So, the Catalyst appears at the very end of our journey, in the belly of the beast and dispenses this information to you without offering any proof whatsoever as to it's accuracy. Were you to take it's words as truth, this would mean that you believe it for some reason, maybe you have prior experiences which suggest the same conclusion. 


No. Just Prudence. You don't have to believe it.
You need to weigh the options for yourself, and decide, for yourself, Prudentially, which choice, what values, to assign.

Taking Pascal's Wager, you don't need to take his assigned values to the existence of God and Heaven at face value.
I'm Jewish, for example, and Pascal's assigned values don't really work in Judaism, only in Catholicism. So, Pascal's Wager falls completely for me, or at least my understanding of Judaism.

Same case here.
Pick your own values and do the math yourself.

Sion1138 wrote... 

You can not *believe* something that you have absolutely no proof of yourself. In fact, your own experience seems to indicate the contrary. 


Should we really get into the whole "no evidence for yourself" of the existence of various particles and Higgs Boson and... hell, Telekenisis or whatever arguments?

There are many things we take because we are provided calculations.
We strive to prove them, in some cases (case in point being the LHC...).

Seriously, Higgs wouldn't have insisted on the existence of the Dog Particle without "believing in something that he had absolutely no proof of himself". He only had theory, calculations and assumptions.
Yet, it seems, he was proven right.

Not saying this is the case here. Just a problem with your assertion.


He didn't just believe it without any proof.

The math was the proof, or rather a good indication, it fit with everything that has long since been conclusively proven and it was the best explanation for the issue of mass that we had, so we went and set up an experiment to try and see if it sticks.   

Higgs did not really pull this thing out of his butt, it fits the standard model. He didn't believe anything, he figured it could be true and CERN did the research to find out. Again, it was the best explanation we had. 

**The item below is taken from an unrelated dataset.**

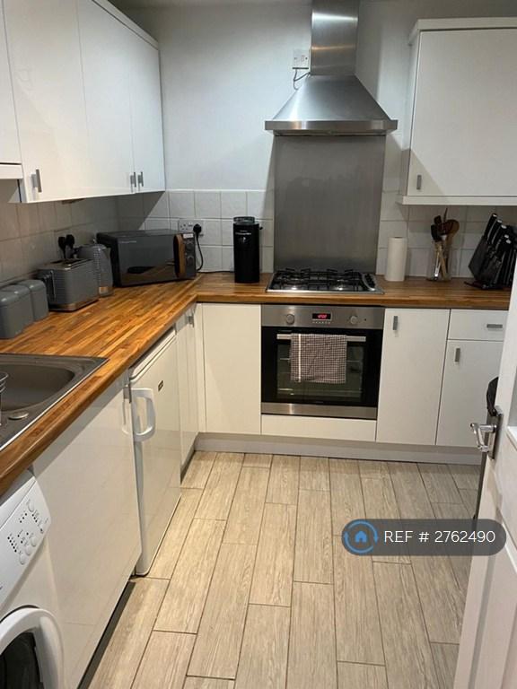 Modern kitchen includes a new washer / drier, dishwasher and fridge / freezer.

-----------------------------

As an individual, relative probability is the only thing you have: 

Some *personal* examples (that I can think of off the top of my head):

Higgs --> Presently don't care, don't believe or disbelieve. But, am aware of amount of research invested, am aware of scientific method, am aware of standard model. Therefore, "seems legit" but cannot say any more about it. --> Irrelevant.

Religion --> No proof, no personal experience supporting it, vast majority of knowlegde gathered does not support it either. Hence, not very probable. 

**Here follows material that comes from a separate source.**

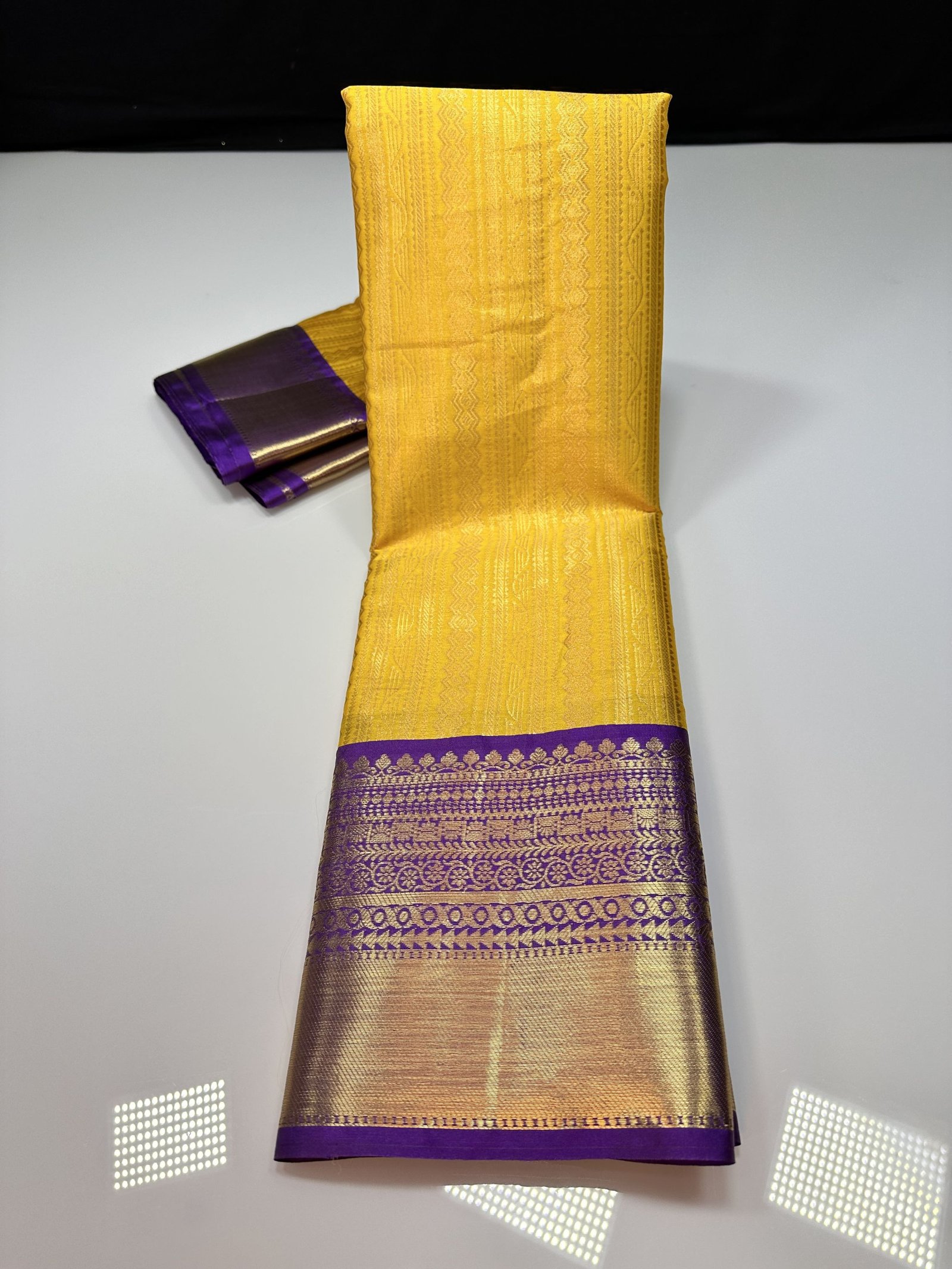 SOFT SEMI-KANCHI BROCADE SAREE IN YELLOW SHADE WITH CONTRAST WEAVING KANCHI BORDER

Evol. through nat. sel. --> Have invested time to learn about research, massive amount of evidence available to public. Personal observations supporting it. Hence, very probable.

----------------------------

If you don't have or haven't been presented sufficient evidence to even weigh the options, then just say "I don't know." (as Shepard did :D).

The title of this thread is "Why the Catalyst was right.". It was neither right nor wrong, but the game itself, prior to the encounter, leads us to lean towards the latter, so we go with that. We've got experiences that say it's wrong and we've only got the Catalyst itself claiming the contrary. Hence, wrong. 

Now as for the wager, that's a whole nother issue.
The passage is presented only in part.